De la masse, mais pas seulement

La valeur de l’isolation phonique entre deux locaux est donnée par l’indice d’affaiblissement de la paroi au bruit aérien. Cette donnée mesurée en laboratoire caractérise les propriétés acoustiques des matériaux constituant la paroi. Elle est fournie par le fabricant en fonction des fréquences du son. Il est recommandé de choisir une performance supérieure de plusieurs décibels à l’objectif recherché. La valeur réelle mesurée sur site après la pose dépend de la qualité de la construction, des ponts phoniques et des transmissions latérales. L’affaiblissement de la propagation des ondes sonores dans la structure du bâtiment (murs, parois, dalles, etc.) s’obtient avec de la masse et de la rigidité. Les matériaux massifs et lourds vibrent moins que les matériaux légers et minces. C’est la loi de masse bien connue. La densité est donc recherchée, afin d’avoir des matériaux peu épais et performants.
Comme confort thermique ne rime pas obligatoirement avec isolation phonique, il est indispensable de choisir des isolants thermoacoustiques. Par exemple, la laine minérale et plus particulièrement la laine de roche présente un meilleur affaiblissement acoustique que le polystyrène expansé. Mais ne compter que sur la massivité des ouvrages pose des problèmes de coûts, d’encombrement et de mise en œuvre. De plus, il faut doubler la masse pour augmenter l’indice d’affaiblissement de 4 dB.
Les parois doubles qui mettent en jeu le principe dit « masse-ressort-masse », sont donc privilégiées. Dans tous les cas, il faut soigner les détails de mise en œuvre. Le manque d’homogénéité d’une paroi (remplissage plus léger, cavité...), ou des jonctions réalisées dans un matériau moins isolant phoniquement, sont des voies de transmission du bruit. Ces ponts phoniques affaiblissent la capacité d’isolation d’une paroi. Par ailleurs, les défauts d’étanchéité à l’air, comme les fissures, les trous mal rebouchés ou les jonctions non-étanches, laissent les sons se propager directement par voies aériennes entre deux locaux contigus.

Une approche multimétier

L’approche étant globale, les études gagnent à s’assurer l’aide d’un acousticien. De nombreux paramètres sont à prendre en compte tels que : la nature des matériaux, la qualité de la construction, les jonctions, les huisseries, la possibilité de désolidarisation à l’aide de matériaux résilients... Dans le cas de la propagation d’un bruit aérien, le mur séparateur peut être bien isolé phoniquement, mais il faut penser que la transmission peut se faire par une voie latérale (dalle, plafond...). Le renforcement de l’isolation extérieure, voire intérieure, dans le cas de deux locaux adossés à la même façade, peut conduire à augmenter des transmissions latérales.
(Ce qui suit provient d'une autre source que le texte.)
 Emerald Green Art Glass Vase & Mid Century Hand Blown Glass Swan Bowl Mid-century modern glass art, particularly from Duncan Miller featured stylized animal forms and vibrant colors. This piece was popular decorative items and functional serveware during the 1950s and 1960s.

De même, installer une sous-couche acoustique sous un carrelage ou un parquet, afin de réduire le niveau des bruits d’impacts est une bonne idée. Mais si les plinthes ne sont pas désolidarisées du sol, le bruit va se propager aux murs.
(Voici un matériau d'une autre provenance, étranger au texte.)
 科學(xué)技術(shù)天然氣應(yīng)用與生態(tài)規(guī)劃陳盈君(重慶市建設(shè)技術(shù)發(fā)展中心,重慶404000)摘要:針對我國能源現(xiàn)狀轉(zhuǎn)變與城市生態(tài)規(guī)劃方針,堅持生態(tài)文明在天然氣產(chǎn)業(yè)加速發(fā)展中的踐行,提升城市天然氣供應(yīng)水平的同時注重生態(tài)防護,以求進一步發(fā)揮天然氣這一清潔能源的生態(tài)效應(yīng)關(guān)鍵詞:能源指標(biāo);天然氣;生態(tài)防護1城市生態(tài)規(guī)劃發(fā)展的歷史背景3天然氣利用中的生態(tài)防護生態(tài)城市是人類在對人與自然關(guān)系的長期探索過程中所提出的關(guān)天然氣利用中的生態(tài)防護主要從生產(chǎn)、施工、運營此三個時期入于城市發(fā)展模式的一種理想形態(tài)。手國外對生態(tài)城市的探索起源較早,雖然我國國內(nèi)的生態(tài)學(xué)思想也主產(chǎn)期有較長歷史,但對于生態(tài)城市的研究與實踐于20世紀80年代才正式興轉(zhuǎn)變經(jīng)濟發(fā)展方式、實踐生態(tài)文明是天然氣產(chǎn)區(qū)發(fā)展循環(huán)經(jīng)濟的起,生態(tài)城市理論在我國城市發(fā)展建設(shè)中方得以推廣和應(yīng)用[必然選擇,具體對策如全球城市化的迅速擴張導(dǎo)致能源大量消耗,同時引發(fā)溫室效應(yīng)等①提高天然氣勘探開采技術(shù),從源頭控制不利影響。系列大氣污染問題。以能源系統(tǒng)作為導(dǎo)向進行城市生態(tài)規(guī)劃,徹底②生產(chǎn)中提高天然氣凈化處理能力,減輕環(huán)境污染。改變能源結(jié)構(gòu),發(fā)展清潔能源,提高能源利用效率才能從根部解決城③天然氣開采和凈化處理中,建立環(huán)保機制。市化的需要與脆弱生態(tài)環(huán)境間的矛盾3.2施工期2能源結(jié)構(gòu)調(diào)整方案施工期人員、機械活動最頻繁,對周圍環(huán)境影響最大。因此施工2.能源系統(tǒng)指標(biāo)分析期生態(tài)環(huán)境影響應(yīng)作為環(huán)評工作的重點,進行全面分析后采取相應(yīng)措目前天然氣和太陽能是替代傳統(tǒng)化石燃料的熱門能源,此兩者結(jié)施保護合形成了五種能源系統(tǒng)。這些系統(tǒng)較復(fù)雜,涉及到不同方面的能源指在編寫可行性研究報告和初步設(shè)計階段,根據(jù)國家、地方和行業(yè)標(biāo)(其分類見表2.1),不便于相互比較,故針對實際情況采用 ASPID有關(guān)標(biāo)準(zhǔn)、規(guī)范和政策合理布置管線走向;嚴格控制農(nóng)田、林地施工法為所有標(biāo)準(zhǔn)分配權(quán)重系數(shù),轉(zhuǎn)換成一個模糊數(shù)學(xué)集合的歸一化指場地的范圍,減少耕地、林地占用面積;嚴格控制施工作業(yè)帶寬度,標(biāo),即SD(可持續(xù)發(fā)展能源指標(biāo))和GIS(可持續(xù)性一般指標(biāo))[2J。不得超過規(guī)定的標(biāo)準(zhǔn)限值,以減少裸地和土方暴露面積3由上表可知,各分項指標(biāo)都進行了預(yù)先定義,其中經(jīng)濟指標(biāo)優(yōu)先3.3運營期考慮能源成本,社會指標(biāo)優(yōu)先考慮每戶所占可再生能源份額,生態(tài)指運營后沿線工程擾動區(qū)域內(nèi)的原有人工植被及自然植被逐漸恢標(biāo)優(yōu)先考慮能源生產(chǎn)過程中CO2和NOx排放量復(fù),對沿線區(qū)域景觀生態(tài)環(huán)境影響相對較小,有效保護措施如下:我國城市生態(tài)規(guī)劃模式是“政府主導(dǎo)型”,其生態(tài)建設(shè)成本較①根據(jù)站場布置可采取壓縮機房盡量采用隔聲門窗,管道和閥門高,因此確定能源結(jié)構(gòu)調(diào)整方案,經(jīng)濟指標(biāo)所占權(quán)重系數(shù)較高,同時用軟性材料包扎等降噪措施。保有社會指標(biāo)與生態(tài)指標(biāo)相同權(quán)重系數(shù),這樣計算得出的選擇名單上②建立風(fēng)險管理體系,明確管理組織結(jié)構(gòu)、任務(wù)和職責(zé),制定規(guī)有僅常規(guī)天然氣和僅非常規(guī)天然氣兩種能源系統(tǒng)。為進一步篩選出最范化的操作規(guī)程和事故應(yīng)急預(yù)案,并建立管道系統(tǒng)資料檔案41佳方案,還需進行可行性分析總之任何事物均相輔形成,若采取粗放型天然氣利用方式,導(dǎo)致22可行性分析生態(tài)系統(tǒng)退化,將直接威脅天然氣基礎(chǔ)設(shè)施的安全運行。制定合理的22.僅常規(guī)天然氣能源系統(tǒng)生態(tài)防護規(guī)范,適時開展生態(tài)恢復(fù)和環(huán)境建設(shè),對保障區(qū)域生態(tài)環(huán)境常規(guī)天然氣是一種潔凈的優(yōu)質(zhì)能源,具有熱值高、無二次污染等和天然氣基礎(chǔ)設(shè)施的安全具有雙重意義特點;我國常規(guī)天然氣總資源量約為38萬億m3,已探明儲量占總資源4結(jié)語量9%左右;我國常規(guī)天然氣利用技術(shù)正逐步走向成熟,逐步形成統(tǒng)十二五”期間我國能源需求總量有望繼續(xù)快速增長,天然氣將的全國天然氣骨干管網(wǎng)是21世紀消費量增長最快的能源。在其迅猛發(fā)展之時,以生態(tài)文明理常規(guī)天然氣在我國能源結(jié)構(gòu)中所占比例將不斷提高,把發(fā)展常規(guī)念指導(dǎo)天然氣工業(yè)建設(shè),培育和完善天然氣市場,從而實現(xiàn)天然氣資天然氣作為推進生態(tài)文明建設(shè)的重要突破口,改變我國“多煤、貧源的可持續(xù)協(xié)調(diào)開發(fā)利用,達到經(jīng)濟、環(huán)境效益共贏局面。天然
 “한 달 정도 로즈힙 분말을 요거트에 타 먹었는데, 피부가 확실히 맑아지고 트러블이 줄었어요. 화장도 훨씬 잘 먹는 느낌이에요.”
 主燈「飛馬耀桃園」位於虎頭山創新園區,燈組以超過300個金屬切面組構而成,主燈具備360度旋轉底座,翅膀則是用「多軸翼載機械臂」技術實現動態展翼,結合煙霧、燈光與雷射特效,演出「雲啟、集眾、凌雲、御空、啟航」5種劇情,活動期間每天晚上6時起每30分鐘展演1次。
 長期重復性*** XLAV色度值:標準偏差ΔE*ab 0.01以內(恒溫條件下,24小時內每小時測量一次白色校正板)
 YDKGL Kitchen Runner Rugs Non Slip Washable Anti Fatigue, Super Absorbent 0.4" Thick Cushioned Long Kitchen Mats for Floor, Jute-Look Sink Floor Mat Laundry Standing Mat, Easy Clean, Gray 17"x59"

Différents ponts phoniques qui affaiblissent l’isolation acoustique des parois peuvent ainsi être le résultat de mauvaises conceptions ou réalisations. Typiquement ce sont les réservations pour les fluides, les conduits de fumée, les encastrements de poutres ou simplement des boîtiers électriques face à face. Cela peut être aussi des trous, des fentes, ou une ancienne porte de communication insuffisamment rebouchée.